▶ _What to produce_:
Of all the lines below, return only those starting with the line holding "Em até 6x de" and going on through the line holding "餐饮饭店稻壳一次性餐具三件套四件套商用杯盘碗筷套装食品级加厚", exactly as written.

▶ _Task data_:
****************

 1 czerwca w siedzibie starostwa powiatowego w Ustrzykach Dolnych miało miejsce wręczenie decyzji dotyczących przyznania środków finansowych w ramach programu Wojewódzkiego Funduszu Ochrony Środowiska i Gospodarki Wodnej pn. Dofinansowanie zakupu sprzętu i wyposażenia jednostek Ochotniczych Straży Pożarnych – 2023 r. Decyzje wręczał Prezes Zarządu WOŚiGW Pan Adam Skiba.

****************

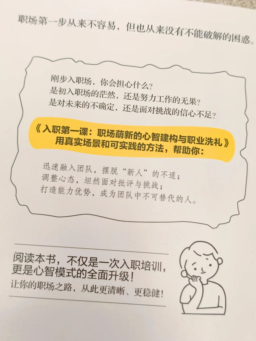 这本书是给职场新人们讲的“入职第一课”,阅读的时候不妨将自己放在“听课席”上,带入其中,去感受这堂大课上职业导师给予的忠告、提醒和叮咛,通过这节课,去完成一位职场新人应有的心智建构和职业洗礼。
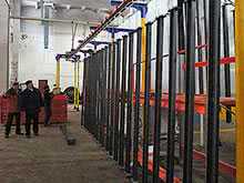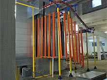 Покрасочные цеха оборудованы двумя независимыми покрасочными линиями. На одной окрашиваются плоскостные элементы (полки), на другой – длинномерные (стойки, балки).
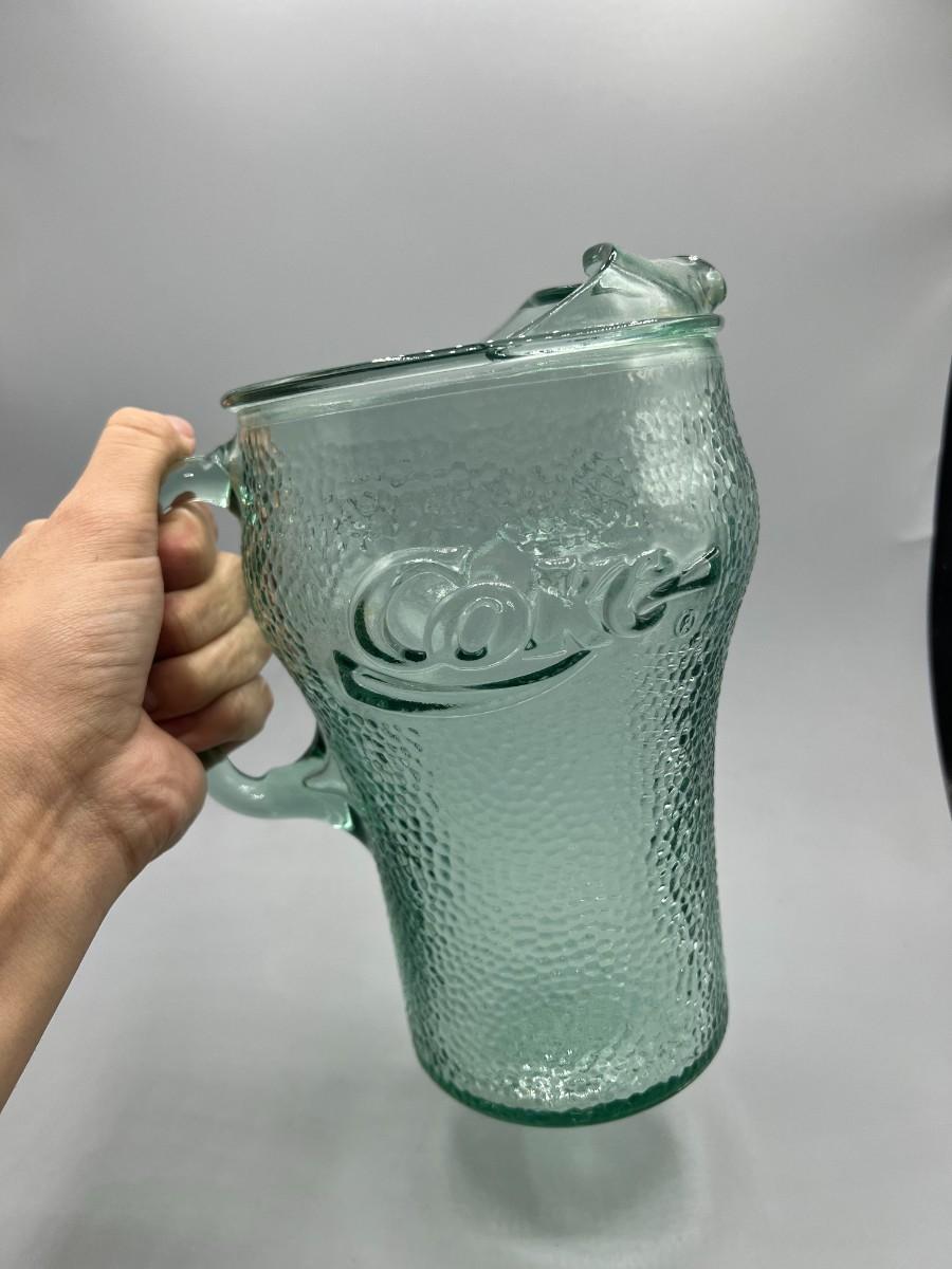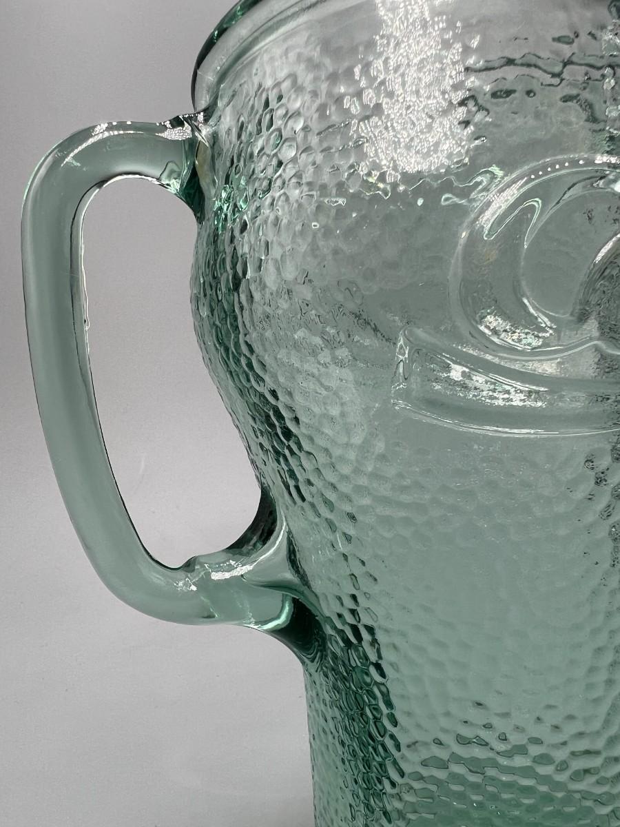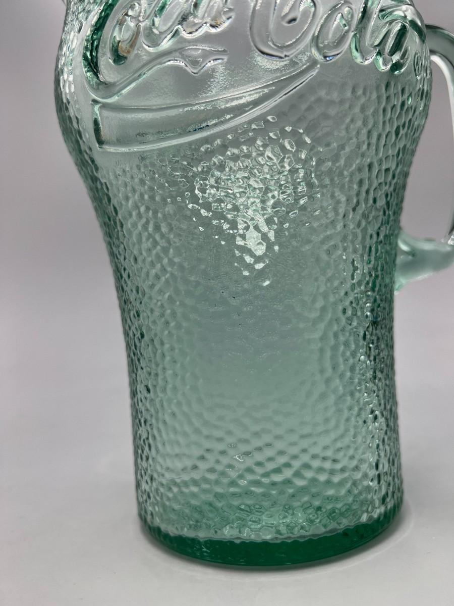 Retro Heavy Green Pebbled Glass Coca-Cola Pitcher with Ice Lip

****************

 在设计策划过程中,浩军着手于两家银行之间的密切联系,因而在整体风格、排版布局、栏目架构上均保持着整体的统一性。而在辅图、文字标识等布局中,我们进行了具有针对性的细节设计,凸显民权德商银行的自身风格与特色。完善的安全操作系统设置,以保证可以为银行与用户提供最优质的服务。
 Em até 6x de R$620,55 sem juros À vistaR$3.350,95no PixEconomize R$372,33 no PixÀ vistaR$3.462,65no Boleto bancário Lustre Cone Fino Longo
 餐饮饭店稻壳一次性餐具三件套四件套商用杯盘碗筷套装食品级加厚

****************

▶ _Solution below_:
 Em até 6x de R$620,55 sem juros À vistaR$3.350,95no PixEconomize R$372,33 no PixÀ vistaR$3.462,65no Boleto bancário Lustre Cone Fino Longo
 餐饮饭店稻壳一次性餐具三件套四件套商用杯盘碗筷套装食品级加厚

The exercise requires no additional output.